- Directed by: Francisco Múgica
- Written by: Carlos A. Olivari Francisco Oyarzábal Sixto Pondal Ríos
- Starring: Enrique Serrano Silvana Roth Juan Carlos Thorry
- Cinematography: Alfredo Traverso
- Edited by: Antonio Rampoldi
- Music by: Bert Rosé
- Production company: Lumiton
- Distributed by: Lumiton
- Release date: 3 February 1943;
- Running time: 77 minutes
- Country: Argentina
- Language: Spanish

= The Minister's Daughter (1943 film) =

1943 film

The Minister's Daughter (Spanish: La hija del ministro) is a 1943 Argentine comedy film of the classical era of Argentine cinema directed by Francisco Múgica and starring Enrique Serrano, Silvana Roth and Juan Carlos Thorry. The film's sets were designed by the art director Ricardo J. Conord. It reflects Peronist ideology even though it premiered several months before the June Revolution.

==Synopsis==
Adriana is the daughter of a factory owner who has recently been appointed a minister. She is angered when her father is criticised by Luis Orlandi a socialist deputy. In order to assist her father she poses as one of his employees and goes to Orlandi for help, hoping to gain information that will help her father.
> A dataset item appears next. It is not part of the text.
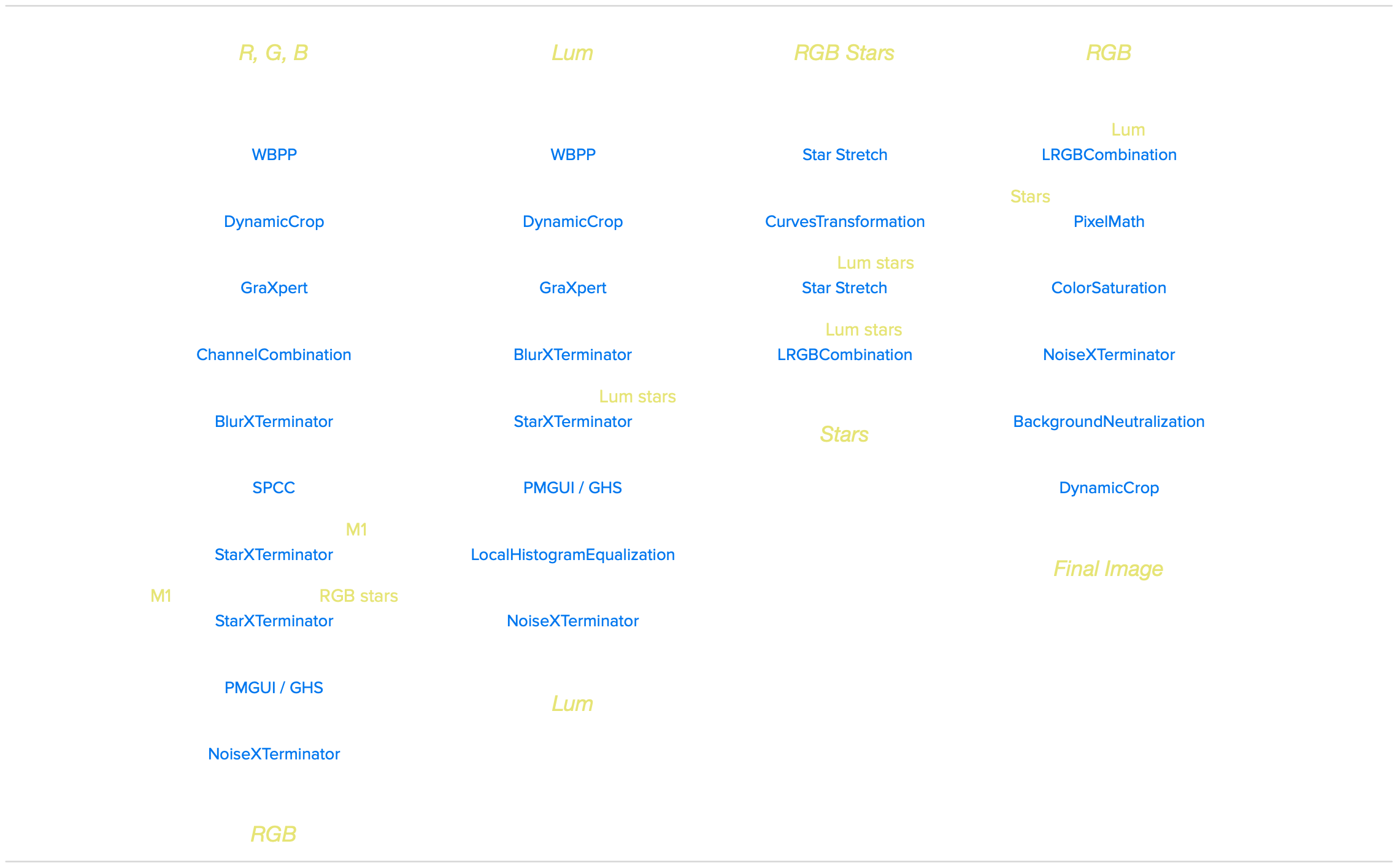 All processing was done in Pixsinsight unless stated otherwise. Default features were enhanced using scripts and tools from RC-Astro, SetiAstro, GraXpert, CosmicPhotons and others. Images were calibrated using 50 Darks, 50 Flats, and 50 Flat-Darks, registered and integrated using WeightedBatchPreProcessing (WBPP). The processing workflow diagram below outlines the steps taken to create the final image.
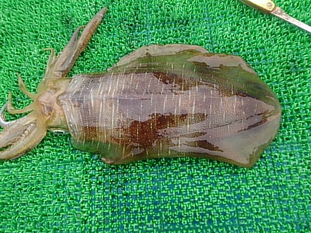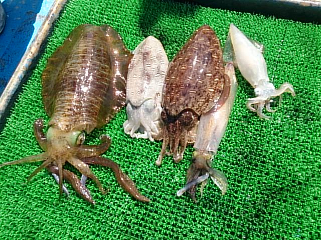 美濃加茂市の中村さんら三人で出船しましたが南風が強くうねりも高く湾内の限られた場所で頑張ってくださいました。アオリイカ27cm,アカイカ2杯甲イカ2杯を釣り上げられました。船酔いしながら最後までありがとうございました。 今日の釣果です。 -

Instead, she discovers that her father has been selling defective products. She and Orlandi ultimately fall in love and she joins his commitment to help the underprivileged.

==Cast==
- Enrique Serrano as 	Gervasio Correa
- Silvana Roth as Adriana
- Juan Carlos Thorry as 	Luis Orlandi
- Osvaldo Miranda as 	César Vélez
- Juan José Porta as 	Olmos
- Warly Ceriani as 	Méndez
- Enrique Salvador as 	Don Fermín
- Alberto Contreras as 	El duque
- Domingo Mania as 	Gálvez
- Cirilo Etulain as Ledesma

==Bibliography==
- Richard, Alfred. Censorship and Hollywood's Hispanic image: an interpretive filmography, 1936-1955. Greenwood Press, 1993.
- Thompson, Currue K. Picturing Argentina: Myths, Movies, and the Peronist Vision. Cambria Press, 2014.